Non-GAAP Financial Measures

This press release, the financial tables and other supplemental information include "Adjusted EBITDA" and "Distributable Cash Flow", both of which are non-generally accepted accounting principles ("non-GAAP") measures which may be used periodically by management when discussing our financial results with investors and analysts. The following presents a reconciliation of each of these non-GAAP financial measures to their nearest comparable generally accepted accounting principles ("GAAP") measure. All such information is also available on our website under the Investor Relations link.

Adjusted EBITDA and Distributable Cash Flow are presented as management believes they provide additional information and metrics relative to the performance of our business, such as the cash distributions we expect to pay to our unitholders. Management believes that both Adjusted EBITDA and Distributable Cash Flow are useful to investors because these measures are used by many companies in the industry as measures of operating and financial performance, and are commonly employed by financial analysts and others to evaluate the operating and financial performance of the Partnership from period to period and to compare it with the performance of other publicly traded partnerships within the industry.
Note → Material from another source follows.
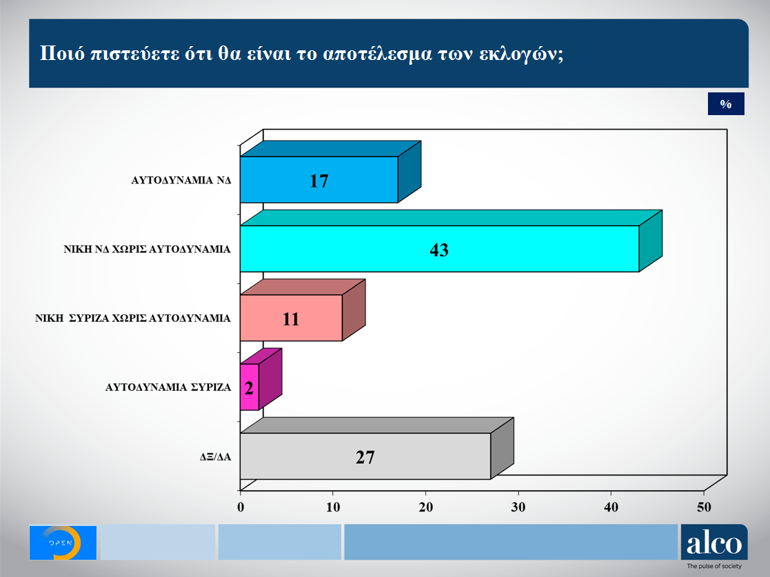 Στις 5,7 εκατοστιαίες μονάδες προσδιορίζει τη διαφορά που χωρίζει τη ΝΔ από τον ΣΥΡΙΖΑ νέα δημοσκόπηση της ALCO που πραγματοποιήθηκε για λογαριασμό του Open TV.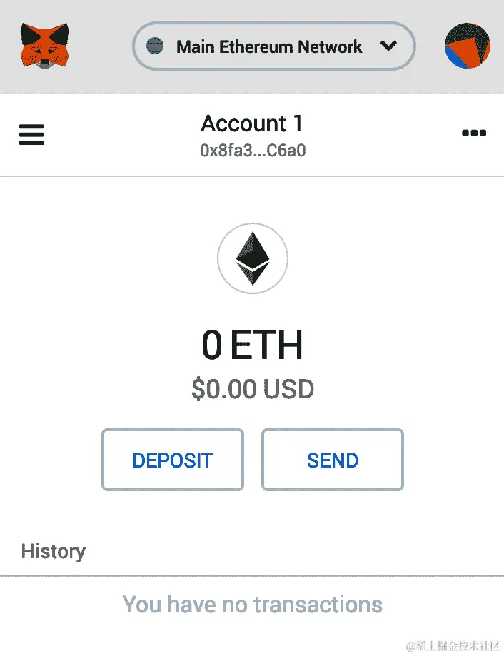 - 你可以简单地忽略这一点,并稍后添加资金。就是这样——现在你应该能够通过点击扩展栏上的小橙色狐狸来使用 MetaMask:

Adjusted EBITDA and Distributable Cash Flow may not be comparable to a similarly titled measure of other publicly traded limited partnerships or limited liability companies because all companies may not calculate Adjusted EBITDA in the same manner.

"Adjusted EBITDA" and "Distributable Cash Flow" should not be considered as alternatives to GAAP measures, such as net income, operating income, cash flow from operating activities, or any other GAAP measure of financial performance.

Adjusted EBITDA is defined as net income (loss) plus:

  • Interest expense;
  • Income taxes;
  • Depletion, depreciation, amortization and accretion;
  • Impairment of long-lived assets;
  • (Gain) loss on sale of partnership investment;
  • (Gain) loss on disposal of assets (excluding settlements of asset retirement obligations);
  • Equity in (income) loss of partnership;
  • Unit-based compensation expense (benefit) related to LTIP unit awards accounted for under the equity or liability methods; and
  • Unrealized (gains) losses on oil and natural gas derivatives.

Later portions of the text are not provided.